What to produce:
A faithful copy of each entry below is expected, with the images removed.

● ● ● ●

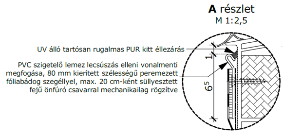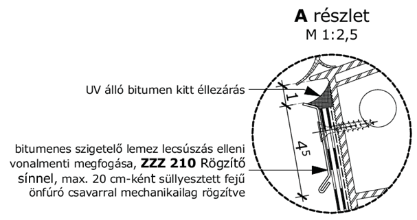 A lábazat külső oldalán, a felülvilágító peremének vonala mentén, mechanikai rögzítéssel kell gondoskodni a PVC vagy bitumenes lemez lecsúszás elleni védelméről. A VELUX termékpalettájában megtalálható ehhez a ZZZ 210 rögzítősín, ami minden kupolamérethez külön rendelhető.
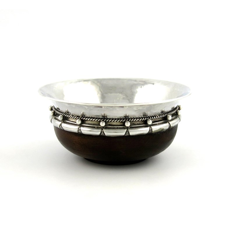 By A. E. Jones, an Arts & Crafts silver-mounted wooden mazer bowl,
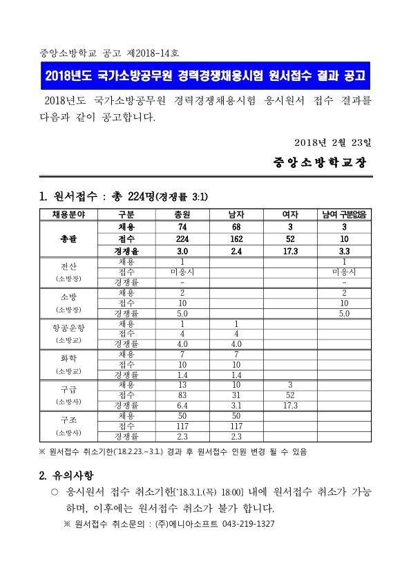 ☆ 2018 중앙소방학교 국가소방공무원 경력경쟁채용시험 경쟁률(잠정)
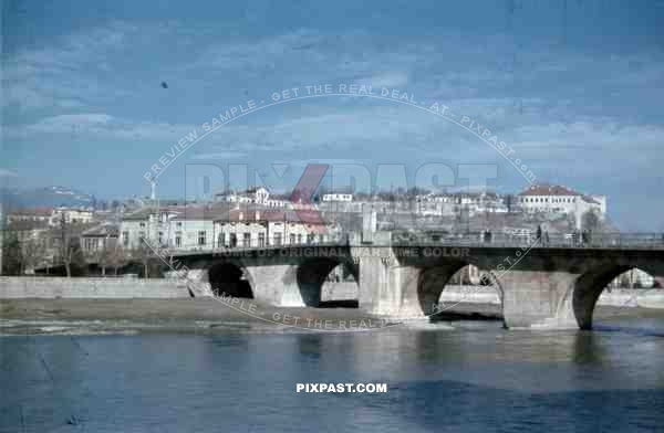 WW2 Color Belgrade Serbia 1941 Old Stone traffic bridge wehrmacht camo truck trailer
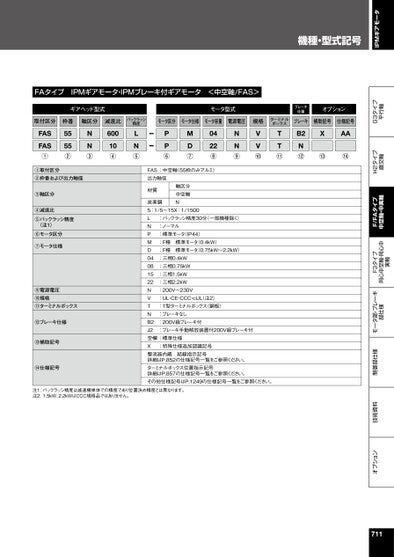 機種・型式記号IPMギアモータオプション技術資料制御部仕様モータ部・ブレーキ部仕様F3タイプ同心中空軸・同心中実軸F/FAタイプ中空軸・中実軸H2タイプ直交軸G3タイプ平行軸FAタイプIPMギアモータ・IPMブレーキ付ギアモータ<中空軸/FAS>ギアヘッド型式モータ型式ブレーキ仕様オプション取付区分枠番軸区分減速比バックラッシ精度モータ区分モータ仕様モータ容量電源電圧規格ターミナルボックスブレーキ補助記号仕様記号FASFAS①5555②NN③60010④LN⑤PP⑥MD⑦0422⑧NN⑨VV⑩TT⑪B2N⑫X⑬AA⑭①取付区分②枠番および出力軸径FAS:中空軸(55枠のみアルミ)出力軸径③軸区分④減速比⑤バックラッシ精度(注1)⑥モータ区分⑦モータ仕様⑨電源電圧⑩規格⑪ターミナルボックス⑫ブレーキ仕様⑬補助記号⑭仕様記号材質軸区分中空軸N:バックラッシ精度30分(一部機種除く):ノーマル:標準モータ(IP44):F種標準モータ(0.4kW):F種標準モータ(0.75kW〜2.2kW):三相0.4kW:三相0.75kW:三相1.5kW:三相2.2kW:200V〜230V:UL・CE・CCC・cUL注2):T型ターミナルボックス(鋼板):ブレーキなし:200V級ブレーキ付:ブレーキ手動解放装置付200V級ブレーキ付炭素鋼5:1/5〜15X:1/1500LNPMD04081522NVTNB2J2空欄:標準仕様X整流器内蔵結線指示記号詳細はP.852の仕様記号一覧をご参照ください。ターミナルボックス位置指示記号詳細はP.857の仕様記号一覧をご参照ください。その他仕様記号はP.1249の仕様記号一覧をご参照ください。:特殊仕様追加認識記号注1.バックラッシ精度は減速機単体での精度であり位置決め精度とは異なります。注2.1.5kW、2.2kWはCCC規格品ではありません。711
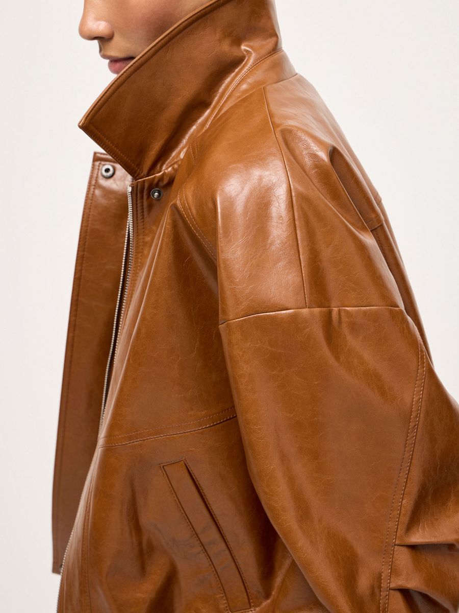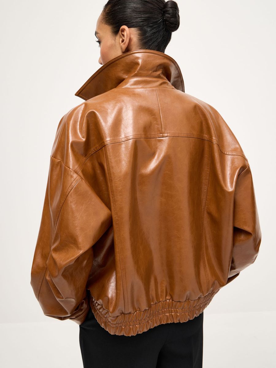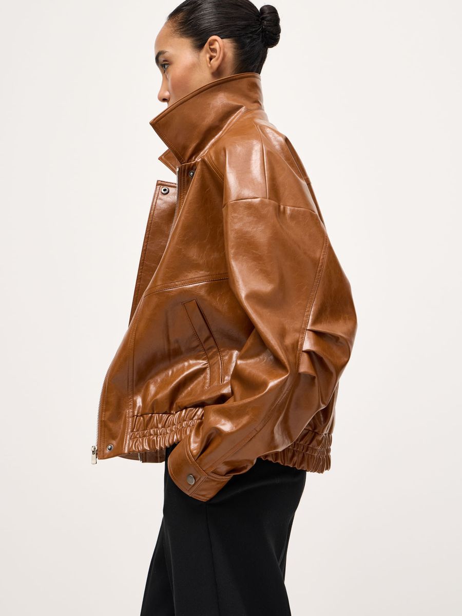 Лакированный бомбер Unique Muse — особенная модель для осеннего сезона, превращающий любой базовый образ в extra модное сочетание. Объемный крой дополнен эффектными деталями в ретро-эстетике: спущенной линией плеч, широкой планкой и акцентной резинкой по низу. Глянцевая фактура и привлекательный карамельный оттенок делают модель тем самым statement-предметом гардероба, в котором вы чувствуете себя собой — яркой, дерзкой и уникальной. Подчеркиваем выразительность модели сочетанием с классическим монохромным сетом из джемпера Black Olive и брюк-palazzo Statement-Black
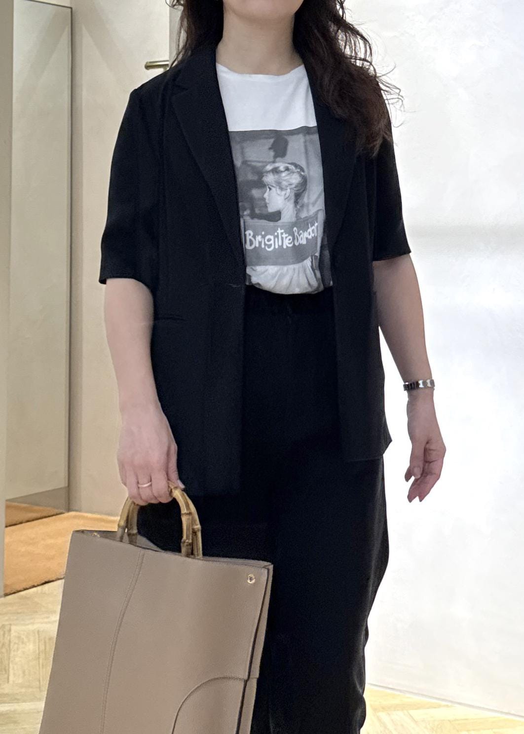 抜け感のあるハーフスリーブジャケットにインナーはTシャツを合わせてセットアップだけどかっちりしすぎないスタイルにしました。

● ● ● ●

Answer to this task:
 A lábazat külső oldalán, a felülvilágító peremének vonala mentén, mechanikai rögzítéssel kell gondoskodni a PVC vagy bitumenes lemez lecsúszás elleni védelméről. A VELUX termékpalettájában megtalálható ehhez a ZZZ 210 rögzítősín, ami minden kupolamérethez külön rendelhető.
 By A. E. Jones, an Arts & Crafts silver-mounted wooden mazer bowl,
 ☆ 2018 중앙소방학교 국가소방공무원 경력경쟁채용시험 경쟁률(잠정)
 WW2 Color Belgrade Serbia 1941 Old Stone traffic bridge wehrmacht camo truck trailer
 機種・型式記号IPMギアモータオプション技術資料制御部仕様モータ部・ブレーキ部仕様F3タイプ同心中空軸・同心中実軸F/FAタイプ中空軸・中実軸H2タイプ直交軸G3タイプ平行軸FAタイプIPMギアモータ・IPMブレーキ付ギアモータ<中空軸/FAS>ギアヘッド型式モータ型式ブレーキ仕様オプション取付区分枠番軸区分減速比バックラッシ精度モータ区分モータ仕様モータ容量電源電圧規格ターミナルボックスブレーキ補助記号仕様記号FASFAS①5555②NN③60010④LN⑤PP⑥MD⑦0422⑧NN⑨VV⑩TT⑪B2N⑫X⑬AA⑭①取付区分②枠番および出力軸径FAS:中空軸(55枠のみアルミ)出力軸径③軸区分④減速比⑤バックラッシ精度(注1)⑥モータ区分⑦モータ仕様⑨電源電圧⑩規格⑪ターミナルボックス⑫ブレーキ仕様⑬補助記号⑭仕様記号材質軸区分中空軸N:バックラッシ精度30分(一部機種除く):ノーマル:標準モータ(IP44):F種標準モータ(0.4kW):F種標準モータ(0.75kW〜2.2kW):三相0.4kW:三相0.75kW:三相1.5kW:三相2.2kW:200V〜230V:UL・CE・CCC・cUL注2):T型ターミナルボックス(鋼板):ブレーキなし:200V級ブレーキ付:ブレーキ手動解放装置付200V級ブレーキ付炭素鋼5:1/5〜15X:1/1500LNPMD04081522NVTNB2J2空欄:標準仕様X整流器内蔵結線指示記号詳細はP.852の仕様記号一覧をご参照ください。ターミナルボックス位置指示記号詳細はP.857の仕様記号一覧をご参照ください。その他仕様記号はP.1249の仕様記号一覧をご参照ください。:特殊仕様追加認識記号注1.バックラッシ精度は減速機単体での精度であり位置決め精度とは異なります。注2.1.5kW、2.2kWはCCC規格品ではありません。711
 Лакированный бомбер Unique Muse — особенная модель для осеннего сезона, превращающий любой базовый образ в extra модное сочетание. Объемный крой дополнен эффектными деталями в ретро-эстетике: спущенной линией плеч, широкой планкой и акцентной резинкой по низу. Глянцевая фактура и привлекательный карамельный оттенок делают модель тем самым statement-предметом гардероба, в котором вы чувствуете себя собой — яркой, дерзкой и уникальной. Подчеркиваем выразительность модели сочетанием с классическим монохромным сетом из джемпера Black Olive и брюк-palazzo Statement-Black
 抜け感のあるハーフスリーブジャケットにインナーはTシャツを合わせてセットアップだけどかっちりしすぎないスタイルにしました。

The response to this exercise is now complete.